FG Münster 11.4.2014, 4 K 635/14 Kg

Für ein Kind, das ein sog. dua­les Stu­dium ab­sol­viert, ist bis zum Ab­schluss des Stu­di­ums Kin­der­geld zu gewähren. Das Stu­dium kann auch trotz ei­nes Um­fangs der Be­schäfti­gung von mehr als 20 Stun­den pro Wo­che kin­der­geld­recht­lich begüns­tigt sein, wenn es sich um ein Aus­bil­dungs­dienst­verhält­nis han­delt.

Der Sach­ver­halt:
Der Sohn des Klägers be­gann nach sei­nem Ab­itur mit ei­ner Be­rufs­aus­bil­dung zum In­dus­trie­kauf­mann. Ent­spre­chend der Stel­len­aus­schrei­bung nahm er par­al­lel hierzu ein Ba­che­lor-Stu­dium im Stu­di­en­gang "Busi­ness Ad­mi­nis­tra­tion" auf. Die­ses setzte er nach be­stan­de­ner Prüfung zum In­dus­trie­kauf­mann fort und ar­bei­tete da­ne­ben 24 Stun­den wöchent­lich in sei­nem Aus­bil­dungs­be­trieb (sog. dua­les Stu­dium). Die Tätig­keit und die Stu­di­en­ver­an­stal­tun­gen wa­ren zeit­lich und in­halt­lich auf­ein­an­der ab­ge­stimmt.

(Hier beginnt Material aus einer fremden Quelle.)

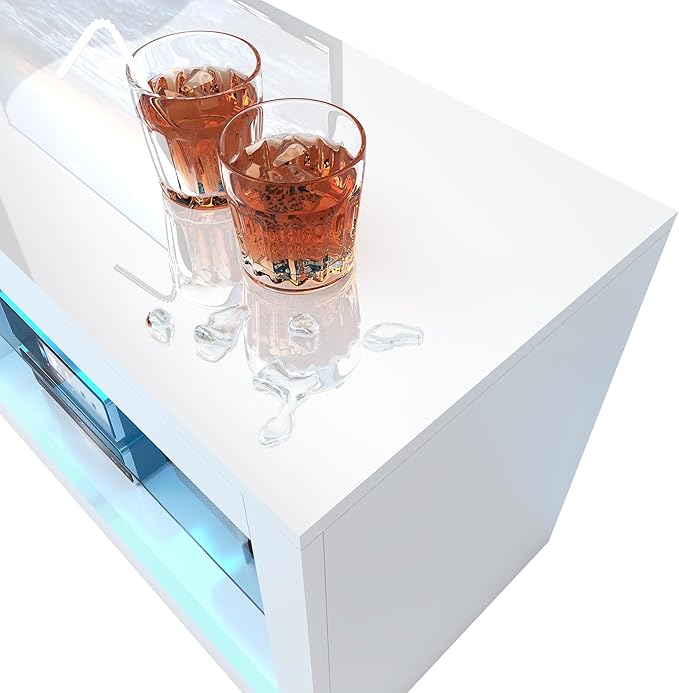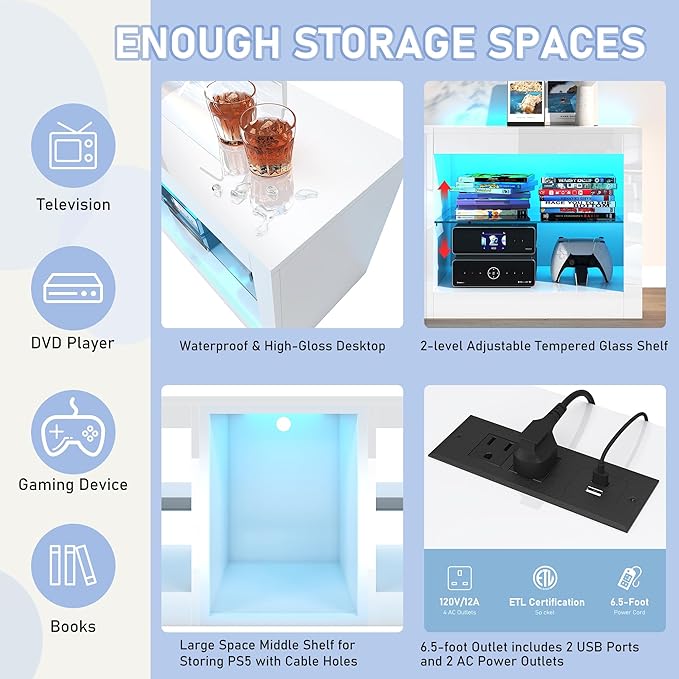 - High Gloss Design:LED gaming entertainment center made of High Gloss P2 grade particle board, scratch-resistant and waterproof, easy to maintain. The High Gloss desktop is flat and smooth with no gaps. Led TV stands desktops have 6.5-foot Power Outlets Including 2 USB and 2 three-hole sockets, enabling you to use your gaming device and TV more effectively. Modern high-gloss and minimalist structures also provide great stability and fashion

Für die Zeit nach Ab­schluss der Prüfung zum In­dus­trie­kauf­mann lehnte die be­klagte Fa­mi­li­en­kasse den An­trag auf Fest­set­zung des Kin­der­gel­des ab. Das Stu­dium sei nicht begüns­tigt, weil der Sohn des Klägers eine Be­schäfti­gung mit ei­ner Ar­beits­zeit von mehr als 20 Stun­den pro Wo­che ausübe. Der Kläger ist dem­ge­genüber der An­sicht, dass auch ein dua­ler Stu­di­en­gang grundsätz­lich nach der Dienst­an­wei­sung der Fa­mi­li­en­kasse als Be­rufs­aus­bil­dung im Sinne des Ge­set­zes zu berück­sich­ti­gen sei. Dies gelte auch dann, wenn die wöchent­li­che Ar­beits­zeit mehr als 20 Stun­den be­trage.

Das FG gab der Klage statt. Die Re­vi­sion zum BFH wurde we­gen grundsätz­li­cher Be­deu­tung der Rechts­sa­che zu­ge­las­sen.

Die Gründe:
Die Fa­mi­li­en­kasse ist ver­pflich­tet, zu Guns­ten des Klägers für des­sen Sohn auch für die Zeit nach Ab­schluss der Prüfung zum In­dus­trie­kauf­mann Kin­der­geld fest­zu­set­zen.

Der Sohn des Klägers hat zwar mit der be­stan­de­nen Ab­schlussprüfung zum In­dus­trie­kauf­mann eine erst­ma­lige Be­rufs­aus­bil­dung ab­ge­schlos­sen. Al­ler­dings be­fin­det er sich auch über die­sen Zeit­punkt hin­aus in ei­ner Be­rufs­aus­bil­dung i.S.v. § 32 Abs. 4 S. 1 Nr. 2 Buchst. a EStG. Er war und ist Stu­dent und strebt den Ab­schluss als Ba­che­lor an. Dass er in­so­weit kei­nem Voll­zeit-Stu­dium nach­geht, son­dern nur an zwei Ta­gen in der Wo­che die Be­rufs­aka­de­mie be­sucht, ist für die An­nahme ei­ner Be­rufs­aus­bil­dung im kin­der­geld­recht­li­chen Sinne un­schädlich. Der Tat­be­stand der Be­rufs­aus­bil­dung i.S.v. § 32 Abs. 4 S. 1 Nr. 2 Buchst. a EStG setzt nicht vor­aus, dass die Vor­be­rei­tung auf den künf­ti­gen Be­ruf die Ar­beits­kraft des Kin­des über­wie­gend be­an­sprucht.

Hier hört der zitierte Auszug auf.